-------- Exercise data --------

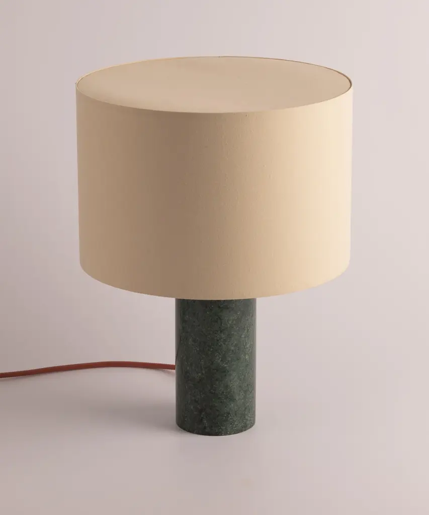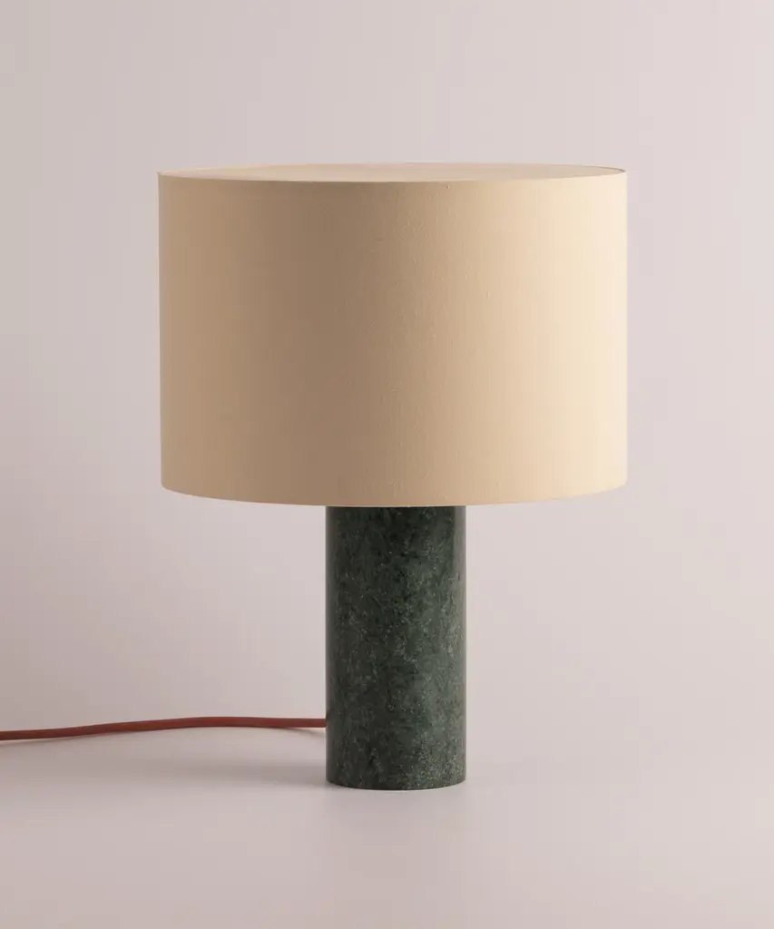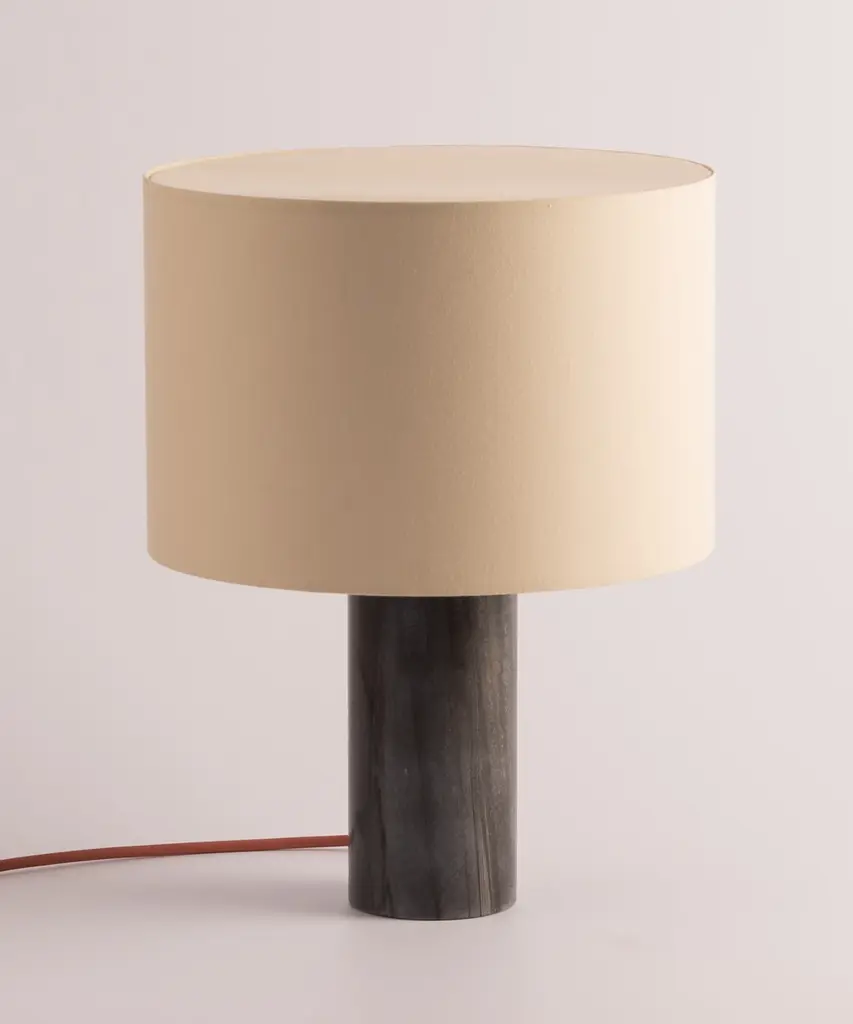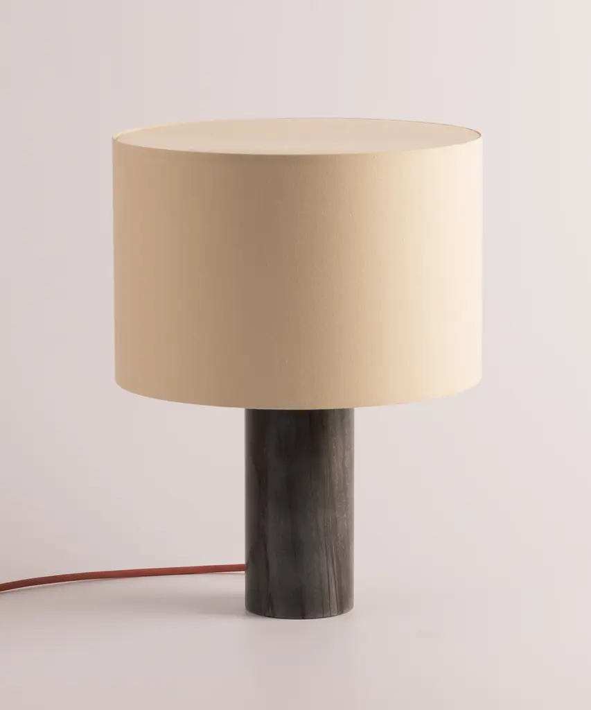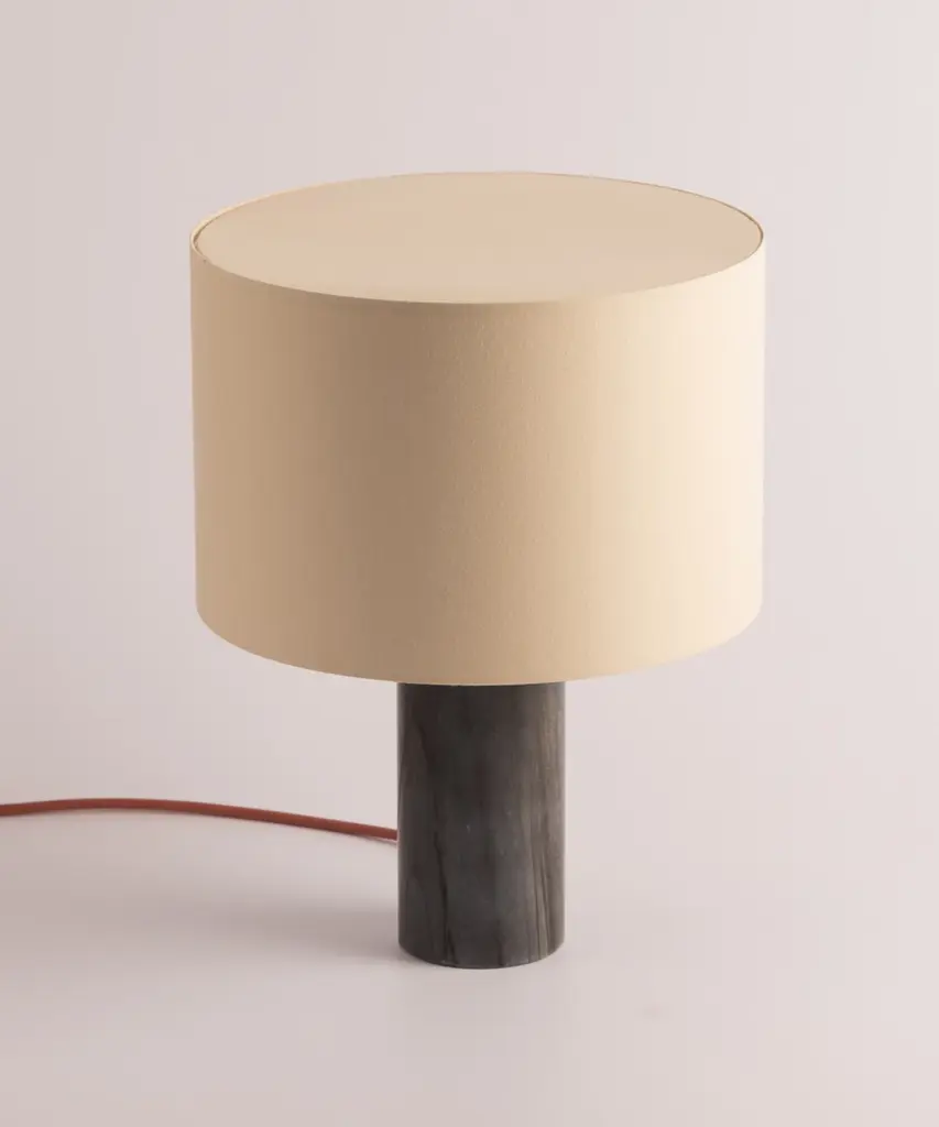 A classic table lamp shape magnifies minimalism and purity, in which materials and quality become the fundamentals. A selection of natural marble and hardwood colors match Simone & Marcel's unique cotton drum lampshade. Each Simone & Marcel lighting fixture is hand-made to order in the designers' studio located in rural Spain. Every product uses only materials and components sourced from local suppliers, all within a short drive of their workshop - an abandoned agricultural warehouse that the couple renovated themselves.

--------
-------- Exercise data --------

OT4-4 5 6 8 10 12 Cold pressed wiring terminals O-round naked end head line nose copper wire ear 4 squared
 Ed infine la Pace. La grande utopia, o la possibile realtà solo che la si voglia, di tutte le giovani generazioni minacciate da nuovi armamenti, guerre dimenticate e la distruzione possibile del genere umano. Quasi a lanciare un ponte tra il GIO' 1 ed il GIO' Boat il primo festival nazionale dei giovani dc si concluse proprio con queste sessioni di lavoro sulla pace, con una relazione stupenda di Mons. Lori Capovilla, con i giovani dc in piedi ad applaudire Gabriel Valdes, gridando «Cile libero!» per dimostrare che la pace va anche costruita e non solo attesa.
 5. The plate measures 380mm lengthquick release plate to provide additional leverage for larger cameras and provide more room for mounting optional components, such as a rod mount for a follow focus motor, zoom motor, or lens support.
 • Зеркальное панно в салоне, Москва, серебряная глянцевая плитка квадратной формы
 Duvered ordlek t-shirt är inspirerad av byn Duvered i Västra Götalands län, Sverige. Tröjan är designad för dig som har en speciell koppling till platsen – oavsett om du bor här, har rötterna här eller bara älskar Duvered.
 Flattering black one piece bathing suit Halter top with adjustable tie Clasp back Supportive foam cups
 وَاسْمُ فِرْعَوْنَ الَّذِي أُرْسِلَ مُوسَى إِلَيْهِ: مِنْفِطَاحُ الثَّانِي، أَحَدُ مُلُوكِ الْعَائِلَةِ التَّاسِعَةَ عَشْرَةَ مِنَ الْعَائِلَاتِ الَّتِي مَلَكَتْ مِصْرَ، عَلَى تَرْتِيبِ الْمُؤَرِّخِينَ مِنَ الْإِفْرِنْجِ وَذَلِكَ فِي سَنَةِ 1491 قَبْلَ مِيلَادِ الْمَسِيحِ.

--------
-------- Exercise data --------

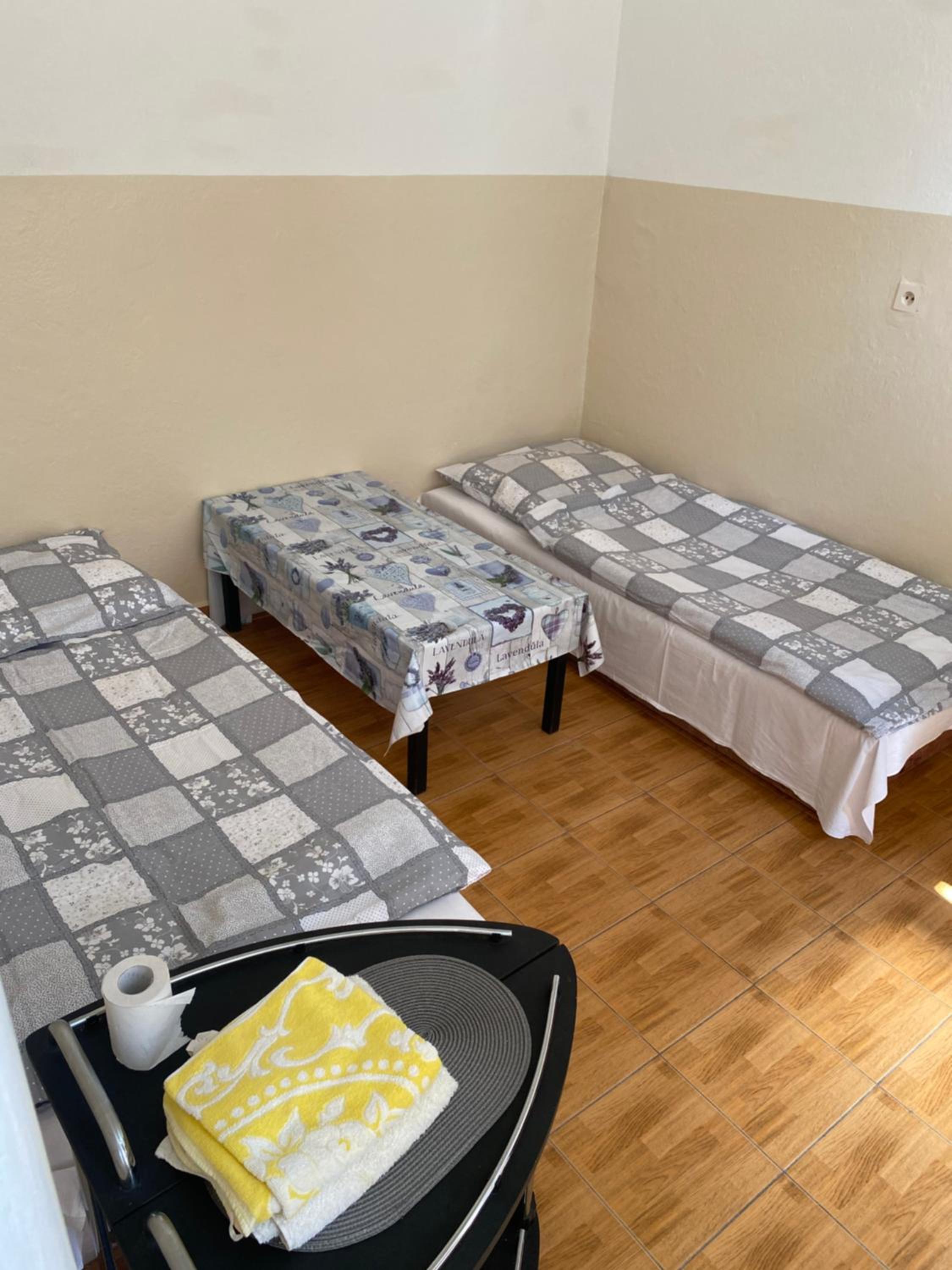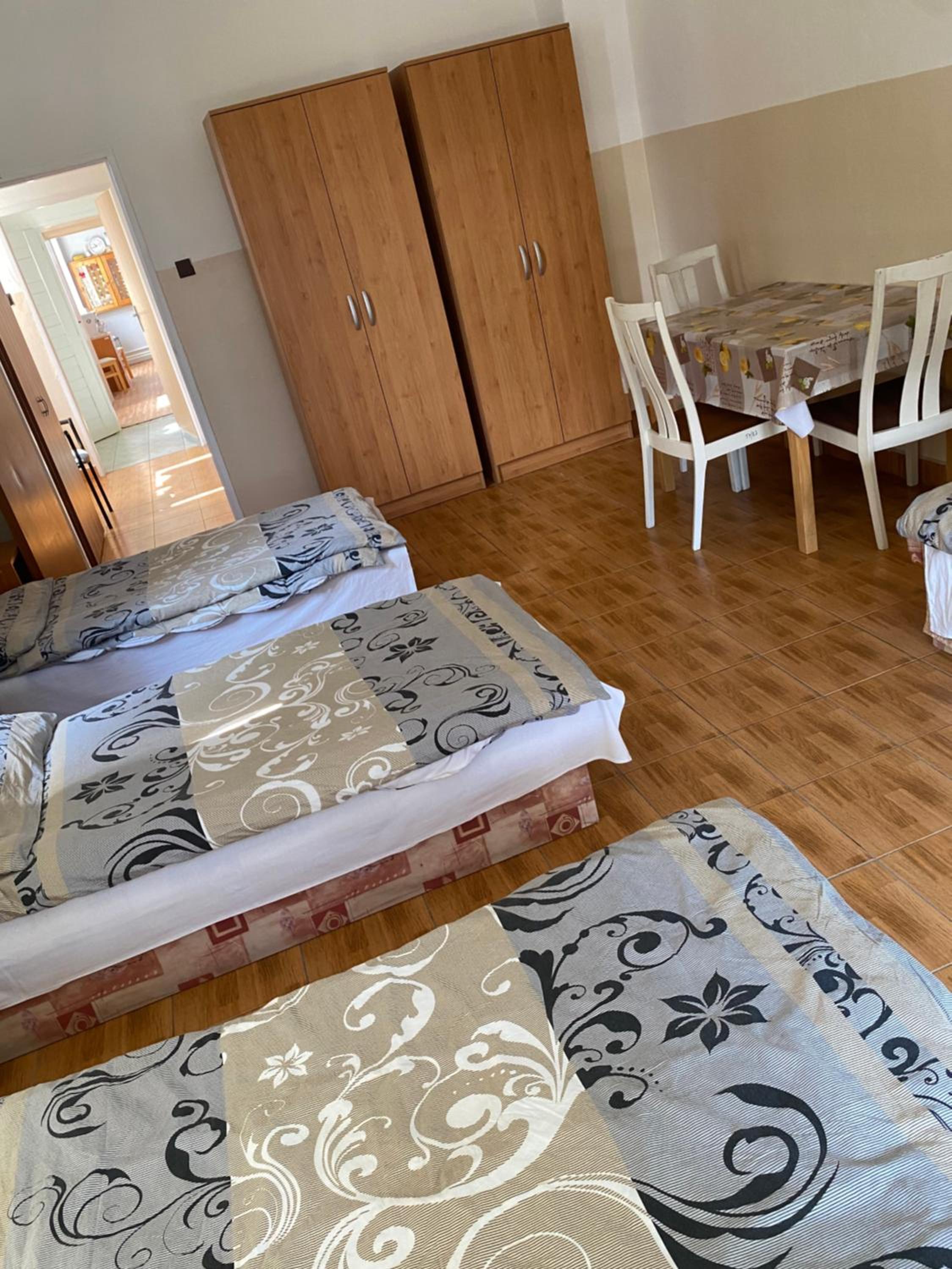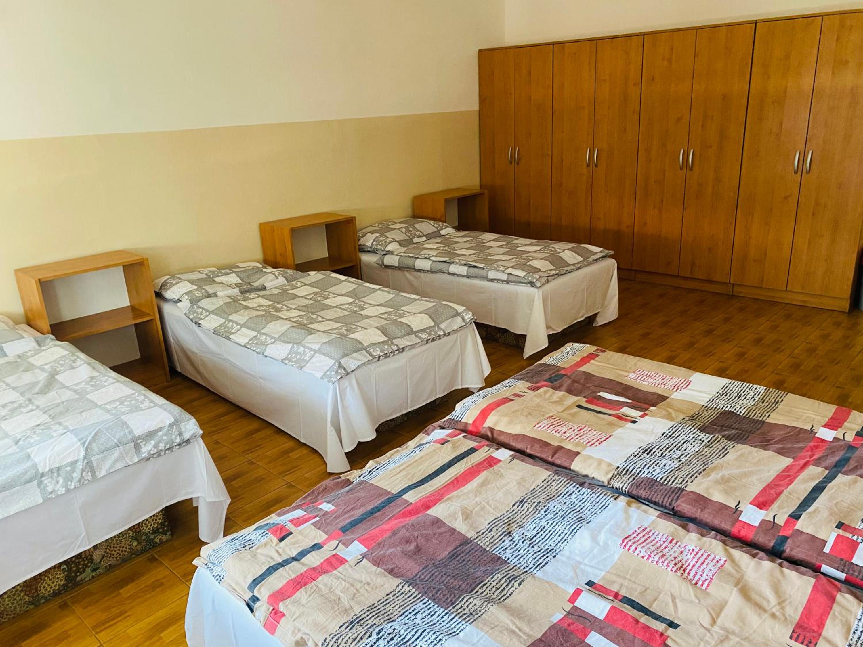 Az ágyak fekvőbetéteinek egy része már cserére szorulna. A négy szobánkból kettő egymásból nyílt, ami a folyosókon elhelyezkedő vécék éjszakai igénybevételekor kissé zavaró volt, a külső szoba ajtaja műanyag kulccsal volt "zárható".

--------

* **Activity**
An exact copy of the lines above, from the one containing "плитка квадратной формы" down to the one containing "Duvered ordlek t-shirt" and including both, is the whole answer; retype it and nothing else.

* **Output for this exercise**
 • Зеркальное панно в салоне, Москва, серебряная глянцевая плитка квадратной формы
 Duvered ordlek t-shirt är inspirerad av byn Duvered i Västra Götalands län, Sverige. Tröjan är designad för dig som har en speciell koppling till platsen – oavsett om du bor här, har rötterna här eller bara älskar Duvered.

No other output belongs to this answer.